Nicorette chewing gum releases nicotine while chewing. Nicotine then is absorbed across the oral mucosa into the systemic circulation. Patients are advised to chew the gum slowly and intermittently to avoid the risk of releasing too much nicotine. It is also suggested not to eat or drink while chewing since foods and beverages can reduce nicotine absorption.

Nicorette chewing gum is available in two strengths: 2 mg/piece and 4 mg/piece. Dosing would depend on the degree of nicotine dependence: light smokers should use 2 mg gum, heavy smokers (more than 25 cigarettes a day) should use 4 mg gum.
Patients should chew gum once they feel the craving. FDA limits maximum daily amount of 2 mg gum pieces to 24 pieces.

=== Patch ===
The patches provide slow absorption of nicotine into blood within the day and work for 16 hours.
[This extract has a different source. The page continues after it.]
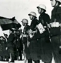 Recruitment began on 27 June 1941 and 18,373 men had volunteered by 2 July 1941 from within the Spanish Army and Falangist movement.[7] Fifty per cent of officers and NCOs were professional soldiers given leave from the Spanish Army, including many veterans of the Spanish Civil War. The division was made up mainly of Falangist volunteers and almost a fifth of early volunteers were students.[8] Additionally, the division contained a small number of White émigrés from Spain.[3] General Agustín Muñoz Grandes was assigned to lead the volunteers. Because the soldiers could not use official Spanish Army uniforms, they adopted a symbolic uniform comprising the red berets of the Carlists, the khaki trousers of the Spanish Legion, and the blue shirts of the Falangists—hence the nickname "Blue Division." This uniform was used only while on leave in Spain; in the field, soldiers wore the German Army field grey uniform (Feldgrau) with a shield on the upper right sleeve bearing the word "España" and the Nationalist Spanish national colours.

They are usually applied in the morning and removed at bedtime.

The patch supports smoking cessation within 12 week programme: 25 mg patch (25 mg nicotine over 16 hours) for eight weeks (Step 1), 15 mg patch for two weeks (Step 2), 10 mg patch for the last two weeks (Step 3). Light smokers (less than 10 cigarettes per day) were recommended to start at Step 2 (15 mg) for eight weeks and reduce the dose to 10 mg for the last four weeks.

=== Microtab ===
Microtab supplies nicotine to the body by mouth. It is different from the chewing gum because instead of chewing the patient should allow the tablet to dissolve slowly under the tongue (the tablet dissolves in about 20-30 minutes). The action is similar to 2 mg nicotine gum.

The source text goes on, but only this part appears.